TASK STATEMENT:
Every entry gets copied exactly. No images go into the copy.

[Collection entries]

——————————

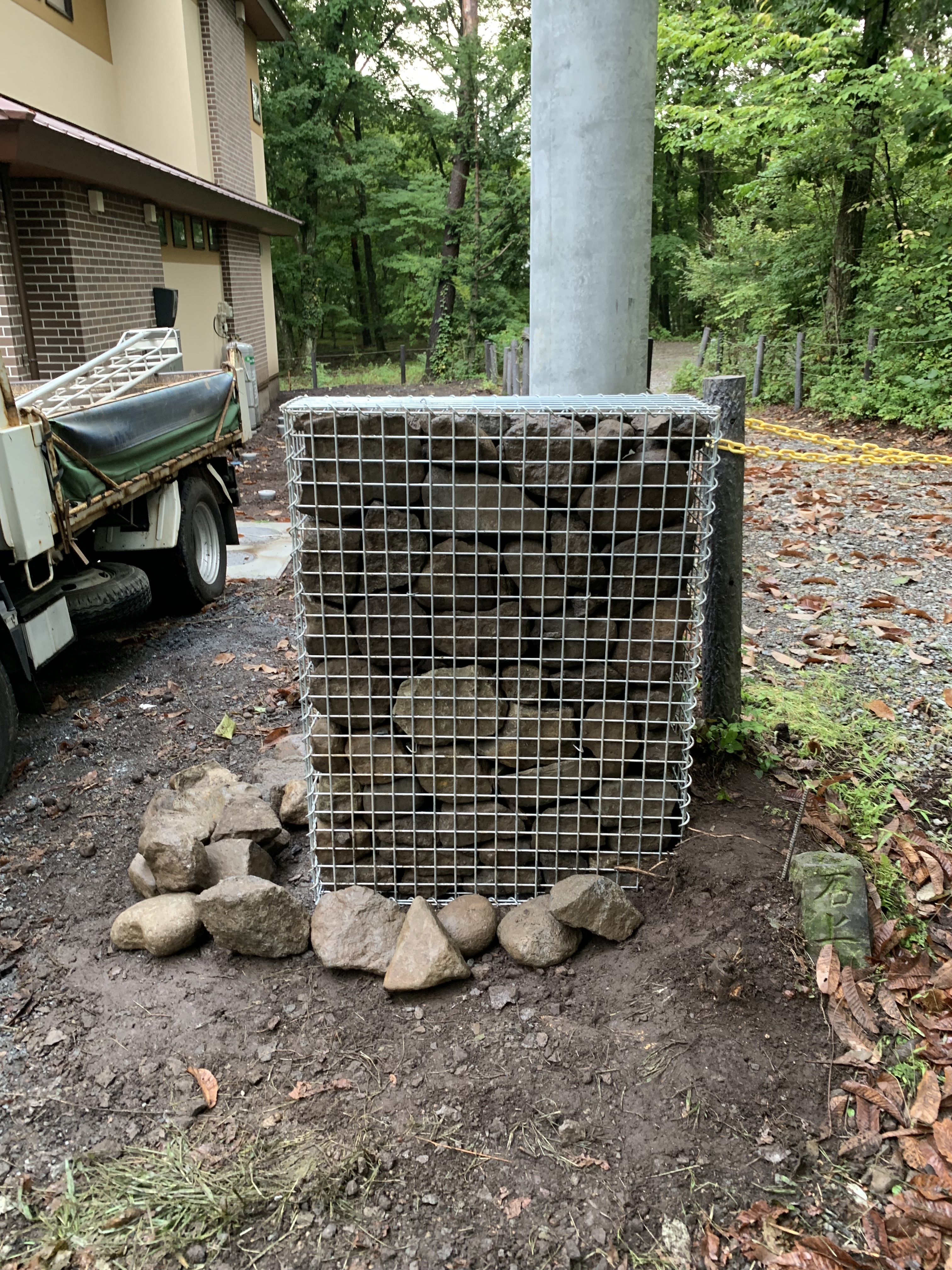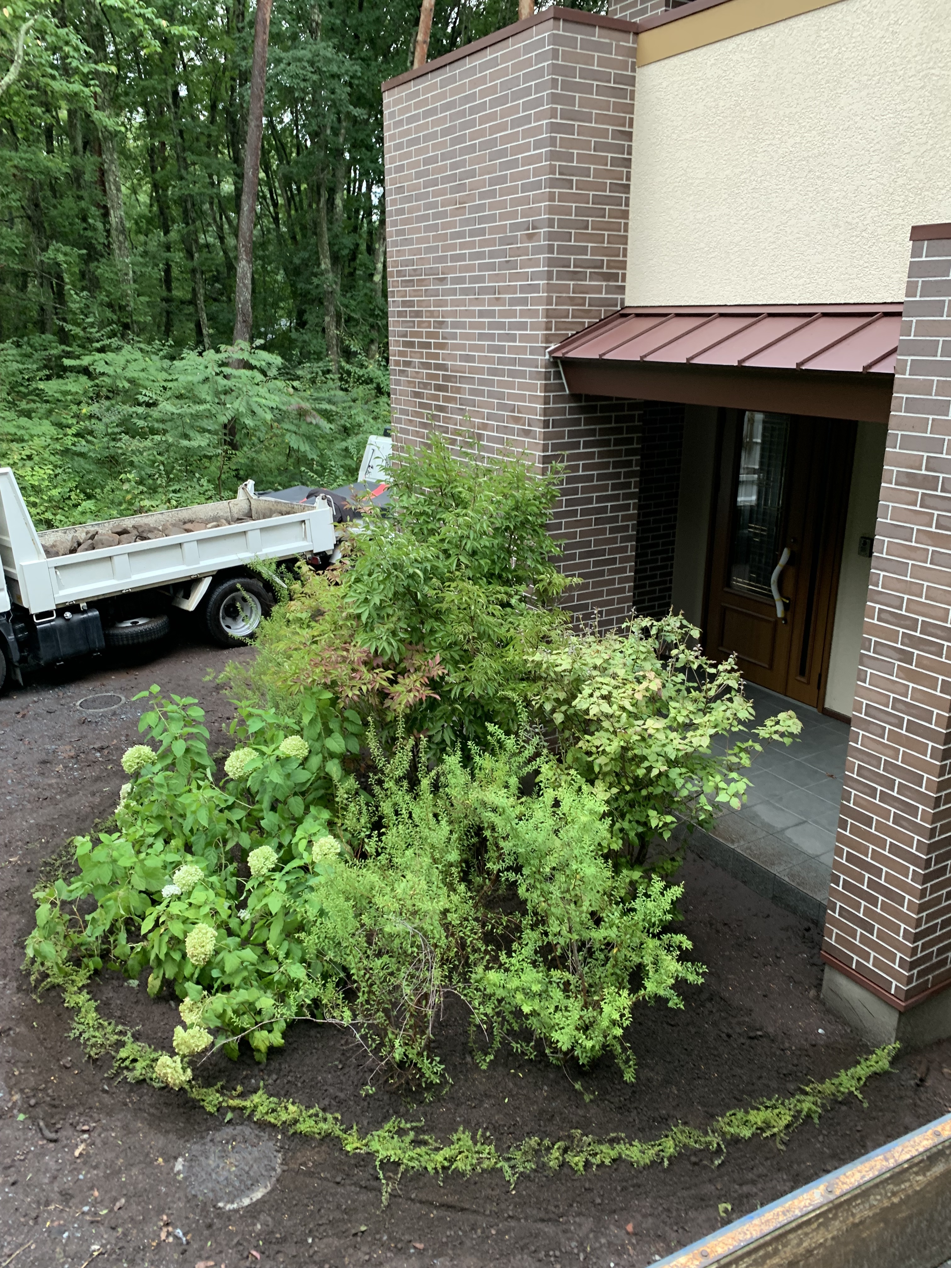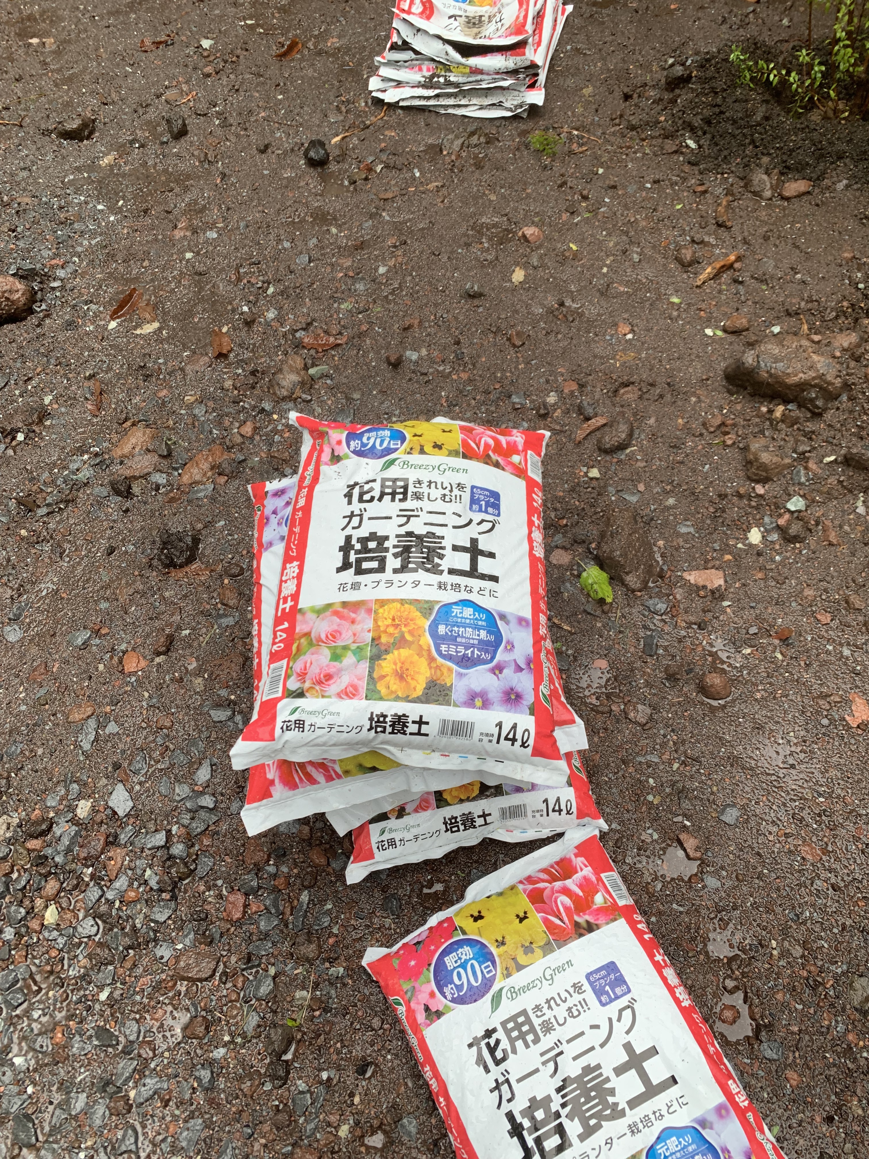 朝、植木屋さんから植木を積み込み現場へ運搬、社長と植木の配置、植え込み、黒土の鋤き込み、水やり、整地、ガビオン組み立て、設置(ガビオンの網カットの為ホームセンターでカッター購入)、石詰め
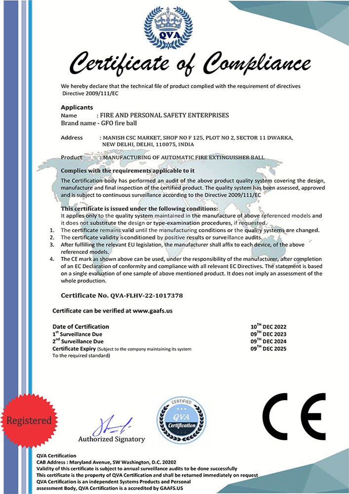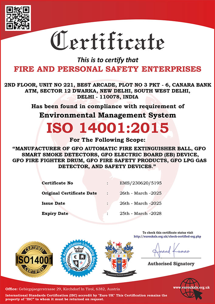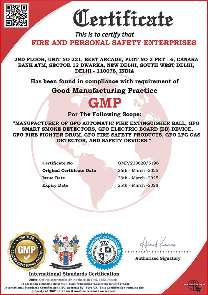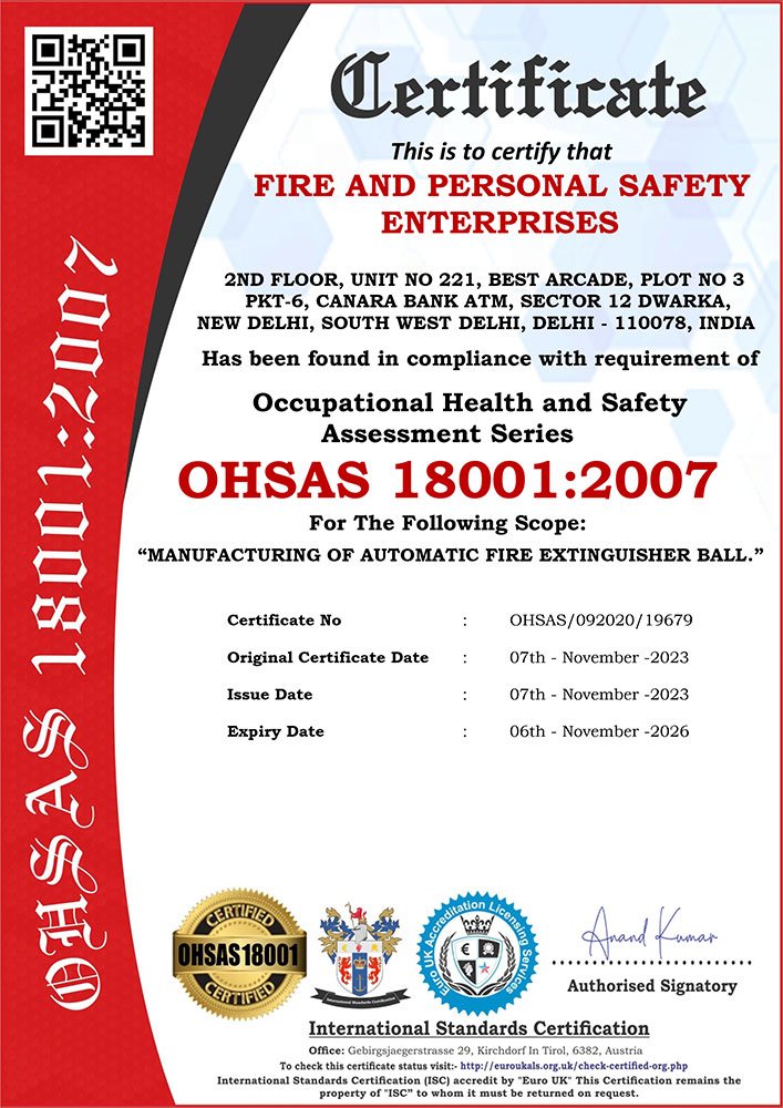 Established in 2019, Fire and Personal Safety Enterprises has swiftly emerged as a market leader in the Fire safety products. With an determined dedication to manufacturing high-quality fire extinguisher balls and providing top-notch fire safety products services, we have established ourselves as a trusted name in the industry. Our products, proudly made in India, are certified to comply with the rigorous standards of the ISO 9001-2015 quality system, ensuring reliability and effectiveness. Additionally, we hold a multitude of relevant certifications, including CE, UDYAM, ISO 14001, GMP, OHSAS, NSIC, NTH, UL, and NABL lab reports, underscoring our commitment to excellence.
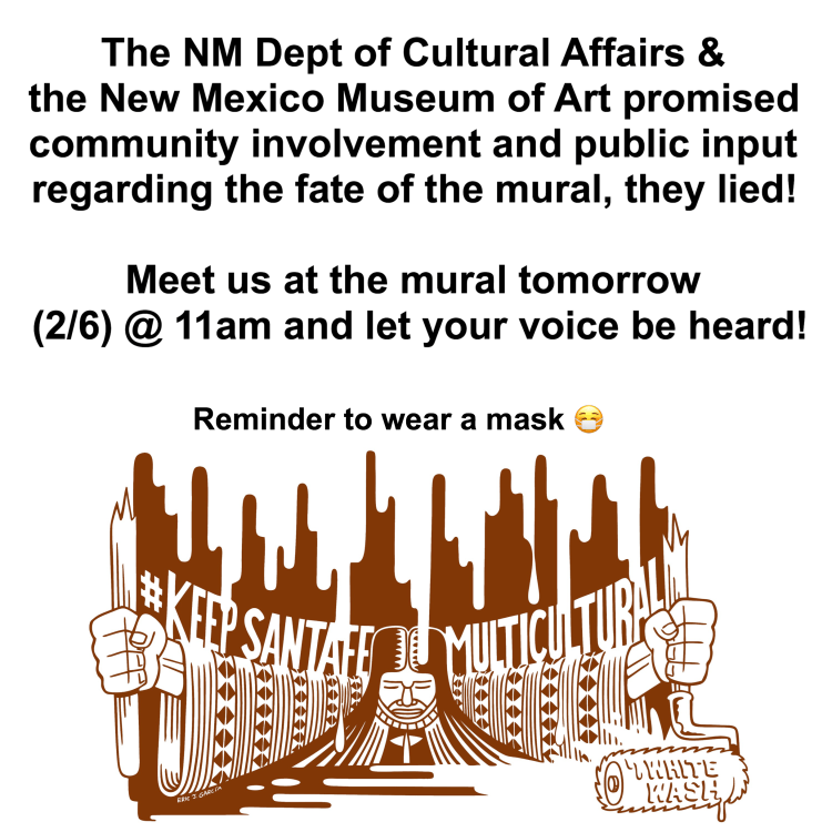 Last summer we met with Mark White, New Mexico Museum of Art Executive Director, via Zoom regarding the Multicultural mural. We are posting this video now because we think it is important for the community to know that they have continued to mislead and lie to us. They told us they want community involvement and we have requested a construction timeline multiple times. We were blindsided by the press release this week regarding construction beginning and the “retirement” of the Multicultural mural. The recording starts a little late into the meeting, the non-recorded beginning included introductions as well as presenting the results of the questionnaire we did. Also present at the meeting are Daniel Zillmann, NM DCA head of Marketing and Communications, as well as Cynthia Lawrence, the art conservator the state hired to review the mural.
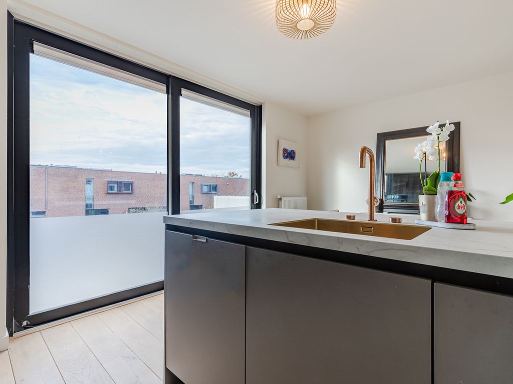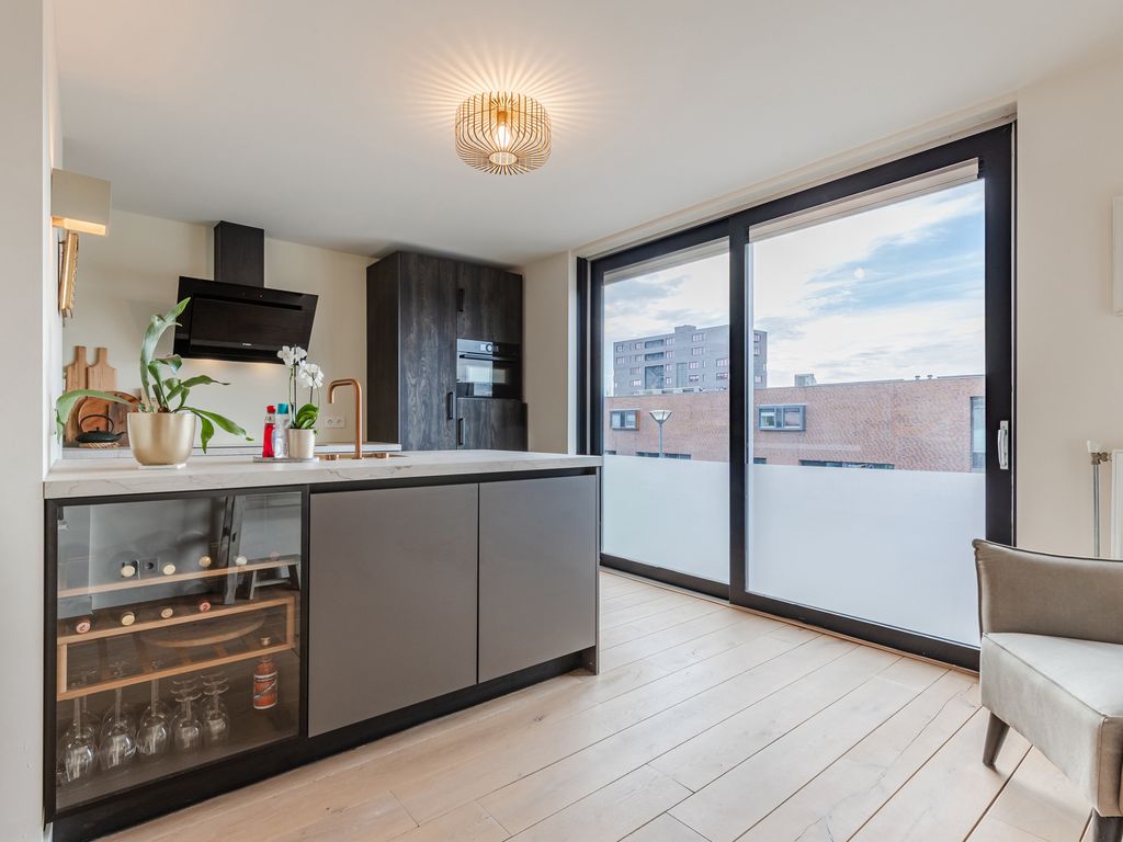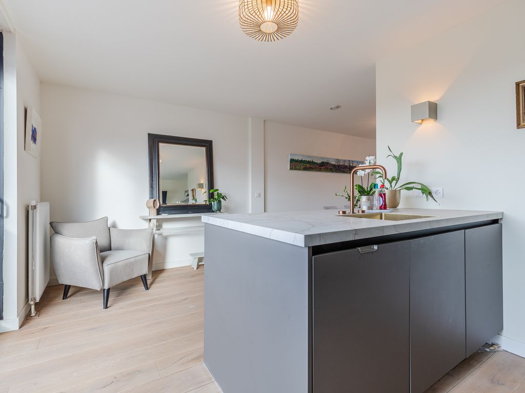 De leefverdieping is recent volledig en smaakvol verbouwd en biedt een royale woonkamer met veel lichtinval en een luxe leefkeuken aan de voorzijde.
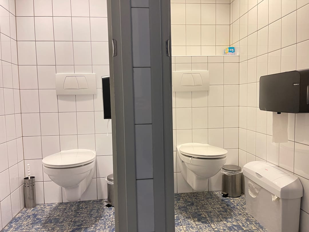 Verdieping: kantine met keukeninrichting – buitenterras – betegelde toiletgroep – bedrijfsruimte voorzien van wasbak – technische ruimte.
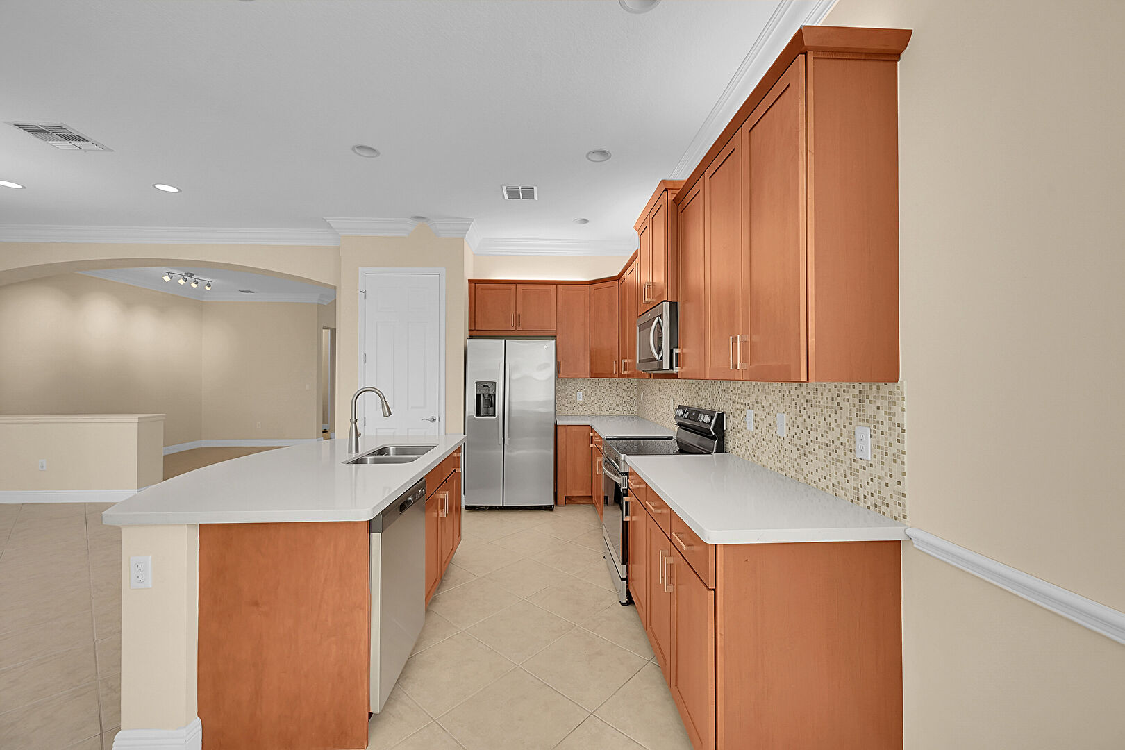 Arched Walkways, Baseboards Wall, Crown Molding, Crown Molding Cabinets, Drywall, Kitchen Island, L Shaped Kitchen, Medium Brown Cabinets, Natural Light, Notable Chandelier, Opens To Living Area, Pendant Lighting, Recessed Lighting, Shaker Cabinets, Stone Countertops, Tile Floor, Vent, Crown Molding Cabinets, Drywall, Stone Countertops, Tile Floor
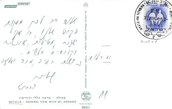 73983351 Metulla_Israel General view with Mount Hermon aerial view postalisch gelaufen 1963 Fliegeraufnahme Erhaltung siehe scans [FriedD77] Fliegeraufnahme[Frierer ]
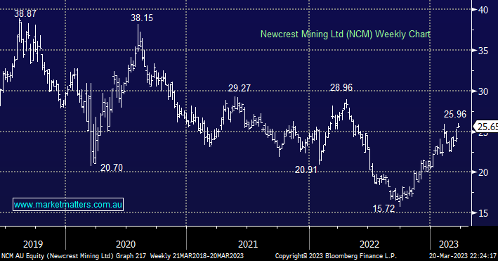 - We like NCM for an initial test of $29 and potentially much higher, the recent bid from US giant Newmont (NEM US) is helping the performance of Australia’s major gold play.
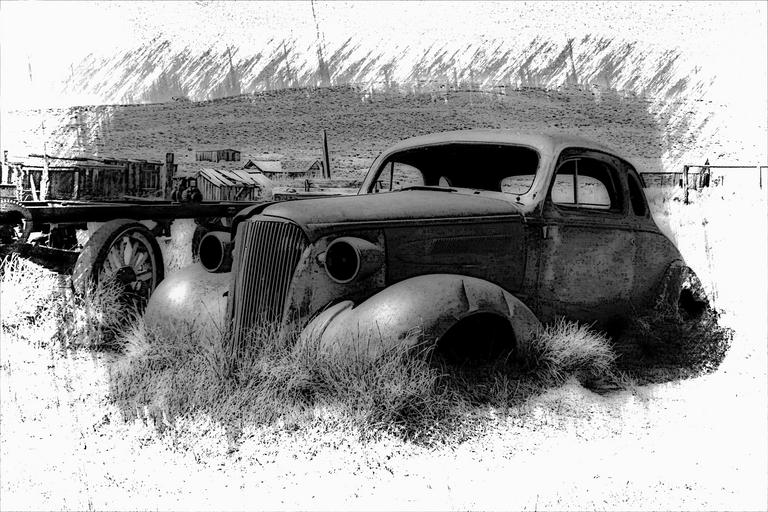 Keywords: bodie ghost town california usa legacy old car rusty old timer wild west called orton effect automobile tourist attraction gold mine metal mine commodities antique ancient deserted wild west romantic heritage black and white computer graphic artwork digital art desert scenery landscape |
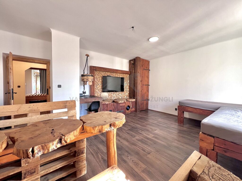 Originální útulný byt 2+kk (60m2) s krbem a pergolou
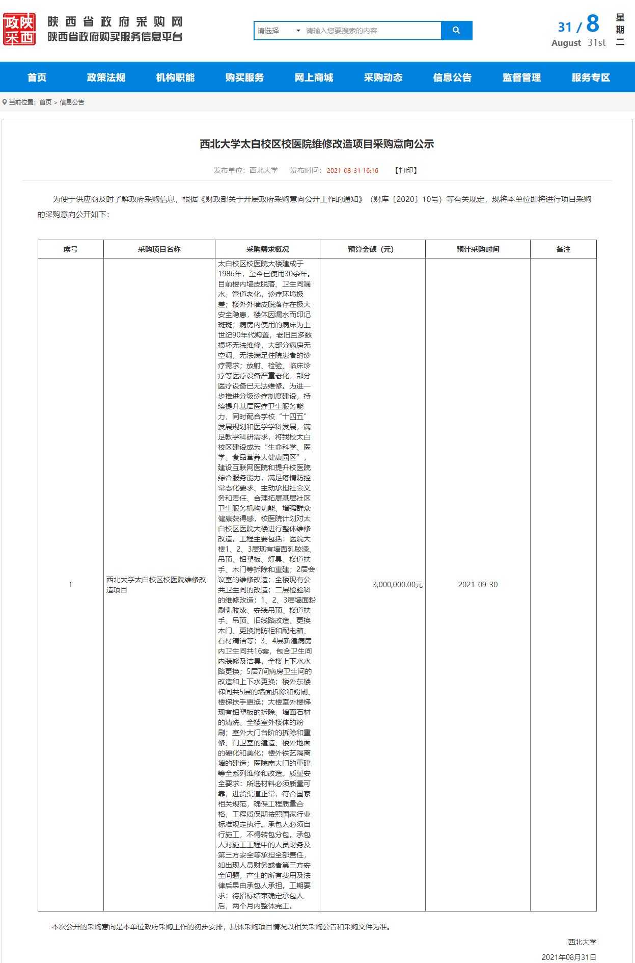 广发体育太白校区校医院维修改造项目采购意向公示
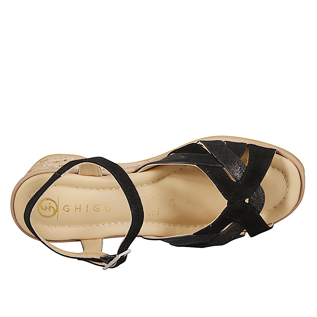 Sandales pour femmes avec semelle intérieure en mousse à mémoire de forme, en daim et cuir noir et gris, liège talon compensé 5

——————————

RESULT:
 朝、植木屋さんから植木を積み込み現場へ運搬、社長と植木の配置、植え込み、黒土の鋤き込み、水やり、整地、ガビオン組み立て、設置(ガビオンの網カットの為ホームセンターでカッター購入)、石詰め
 Established in 2019, Fire and Personal Safety Enterprises has swiftly emerged as a market leader in the Fire safety products. With an determined dedication to manufacturing high-quality fire extinguisher balls and providing top-notch fire safety products services, we have established ourselves as a trusted name in the industry. Our products, proudly made in India, are certified to comply with the rigorous standards of the ISO 9001-2015 quality system, ensuring reliability and effectiveness. Additionally, we hold a multitude of relevant certifications, including CE, UDYAM, ISO 14001, GMP, OHSAS, NSIC, NTH, UL, and NABL lab reports, underscoring our commitment to excellence.
 Last summer we met with Mark White, New Mexico Museum of Art Executive Director, via Zoom regarding the Multicultural mural. We are posting this video now because we think it is important for the community to know that they have continued to mislead and lie to us. They told us they want community involvement and we have requested a construction timeline multiple times. We were blindsided by the press release this week regarding construction beginning and the “retirement” of the Multicultural mural. The recording starts a little late into the meeting, the non-recorded beginning included introductions as well as presenting the results of the questionnaire we did. Also present at the meeting are Daniel Zillmann, NM DCA head of Marketing and Communications, as well as Cynthia Lawrence, the art conservator the state hired to review the mural.
 De leefverdieping is recent volledig en smaakvol verbouwd en biedt een royale woonkamer met veel lichtinval en een luxe leefkeuken aan de voorzijde.
 Verdieping: kantine met keukeninrichting – buitenterras – betegelde toiletgroep – bedrijfsruimte voorzien van wasbak – technische ruimte.
 Arched Walkways, Baseboards Wall, Crown Molding, Crown Molding Cabinets, Drywall, Kitchen Island, L Shaped Kitchen, Medium Brown Cabinets, Natural Light, Notable Chandelier, Opens To Living Area, Pendant Lighting, Recessed Lighting, Shaker Cabinets, Stone Countertops, Tile Floor, Vent, Crown Molding Cabinets, Drywall, Stone Countertops, Tile Floor
 73983351 Metulla_Israel General view with Mount Hermon aerial view postalisch gelaufen 1963 Fliegeraufnahme Erhaltung siehe scans [FriedD77] Fliegeraufnahme[Frierer ]
 - We like NCM for an initial test of $29 and potentially much higher, the recent bid from US giant Newmont (NEM US) is helping the performance of Australia’s major gold play.
 Keywords: bodie ghost town california usa legacy old car rusty old timer wild west called orton effect automobile tourist attraction gold mine metal mine commodities antique ancient deserted wild west romantic heritage black and white computer graphic artwork digital art desert scenery landscape |
 Originální útulný byt 2+kk (60m2) s krbem a pergolou
 广发体育太白校区校医院维修改造项目采购意向公示
 Sandales pour femmes avec semelle intérieure en mousse à mémoire de forme, en daim et cuir noir et gris, liège talon compensé 5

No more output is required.